For reference, these are the container associated providers and their personal zones:
Personal hyperlink useful resource kind |
Subresource |
Personal DNS zone identify |
Public DNS zone forwarders |
Azure Kubernetes Service – Kubernetes API (Microsoft.ContainerService/managedClusters) |
administration |
privatelink.{regionName}.azmk8s.io |
{regionName}.azmk8s.io |
Azure Container Apps (Microsoft.App/ManagedEnvironments) |
managedEnvironments |
privatelink.{regionName}.azurecontainerapps.io |
azurecontainerapps.io |
Azure Container Registry (Microsoft.ContainerRegistry/registries) |
registry |
privatelink.azurecr.io |
azurecr.io |
For a full record of zones, take a look at the Azure documentation.
The answer right here is straightforward. For the non-Azure DNS servers to resolve Personal Endpoint zones, a DNS forwarder might be created.

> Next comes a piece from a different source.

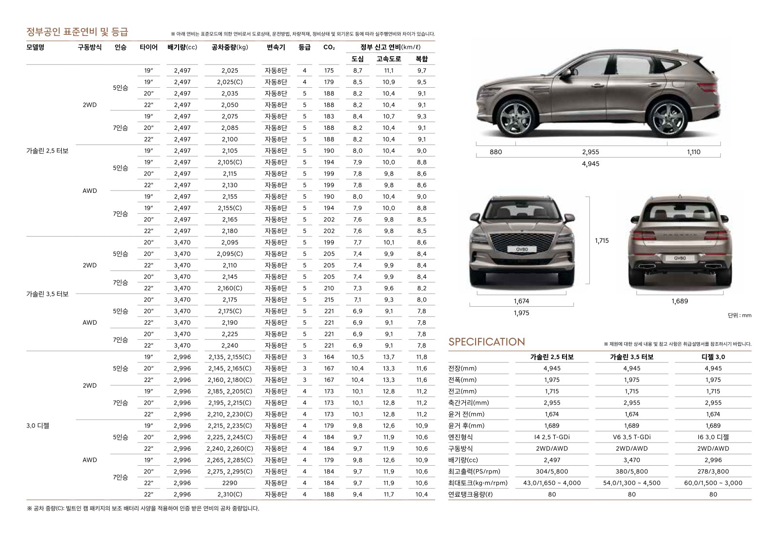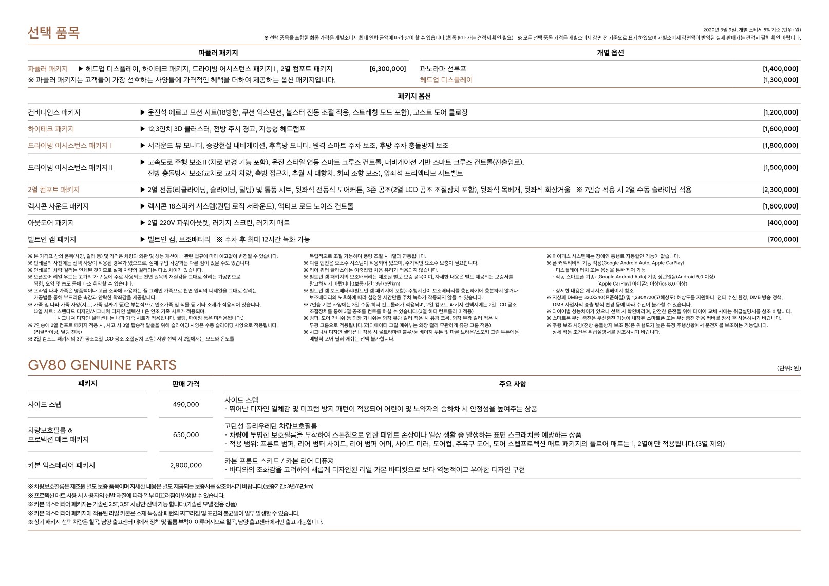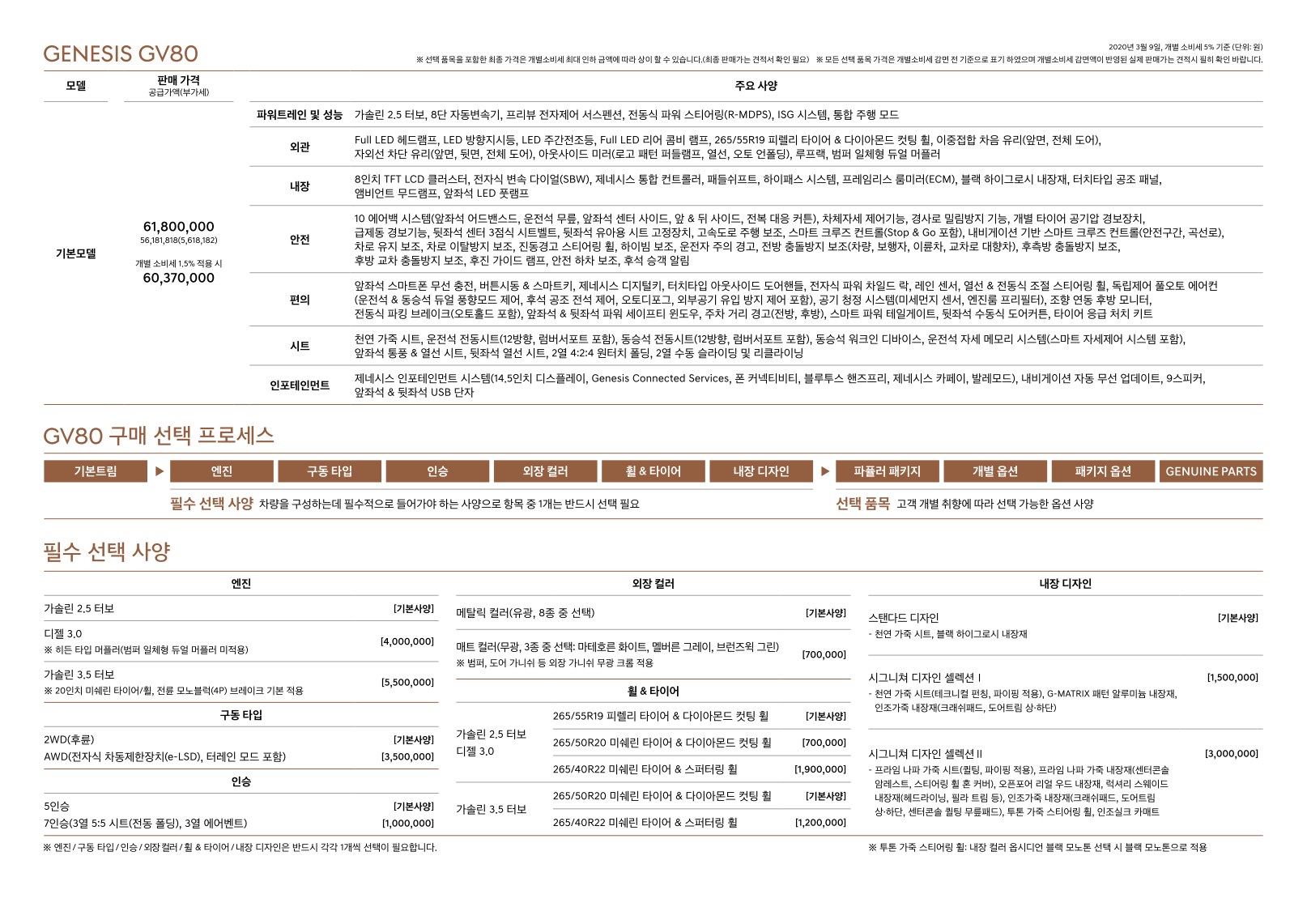 2020년 3월 제네시스 GV80 신차가격표 (2.5터보 및 3.5터보 휘발류 모델 출시)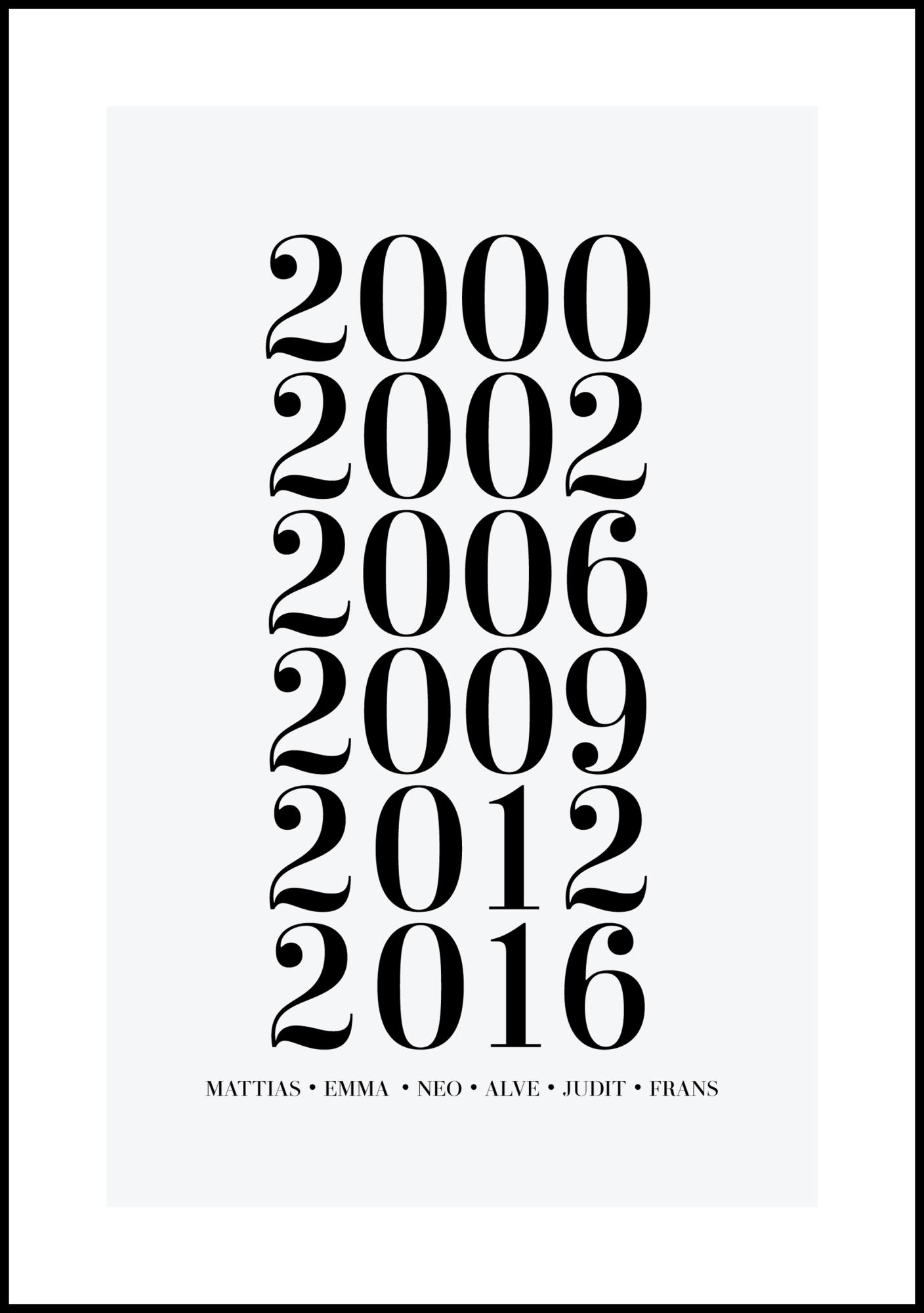 Un póster personalizado es un regalo único y divertido, tanto para dar como para recibir, y se convierte en un recuerdo precioso que se cuidará durante mucho tiempo. Simplemente rellenas los campos anteriores con la información que deseas incluir, ¡y nosotros creamos tu póster personalizado!

This buyer had a really particular implementation, however generally what it’s essential configure is a DNS forwarder to the zones associated to the providers you’re utilizing. For instance:
– AKS clusters: Create a forwarder of azmk8s.io to 168.63.129.16.

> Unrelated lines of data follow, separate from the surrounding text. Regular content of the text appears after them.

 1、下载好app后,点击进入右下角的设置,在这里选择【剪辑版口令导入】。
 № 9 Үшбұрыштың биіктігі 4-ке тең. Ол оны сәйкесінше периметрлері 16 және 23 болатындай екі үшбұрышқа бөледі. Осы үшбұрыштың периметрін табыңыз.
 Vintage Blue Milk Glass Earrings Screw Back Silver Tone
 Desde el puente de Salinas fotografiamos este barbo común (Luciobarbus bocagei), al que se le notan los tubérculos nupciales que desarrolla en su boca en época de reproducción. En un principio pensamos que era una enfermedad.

– For ACR registries: Create a forwarder of azurecr.io to 168.63.129.16.
168.63.129.16. is the digital IP tackle of the Azure platform that serves because the communication channel to the platform sources. One among its providers is DNS. In actual fact, that is the unique service that the Home windows nodes and Home windows pods had been utilizing earlier than gMSA was enabled.
It’s at all times DNS!
In case you are utilizing gMSA on AKS, understand that Home windows nodes and Home windows pods will begin utilizing a DNS server exterior of Azure (or that has no visibility into the Azure platform instantly, comparable to Personal Endpoint zones). You may must configure DNS forwarders when you begin utilizing gMSA on AKS, though this will probably be true for any service.
I hope this weblog put up helps you keep away from this subject – or helps you troubleshoot it. Tell us within the feedback!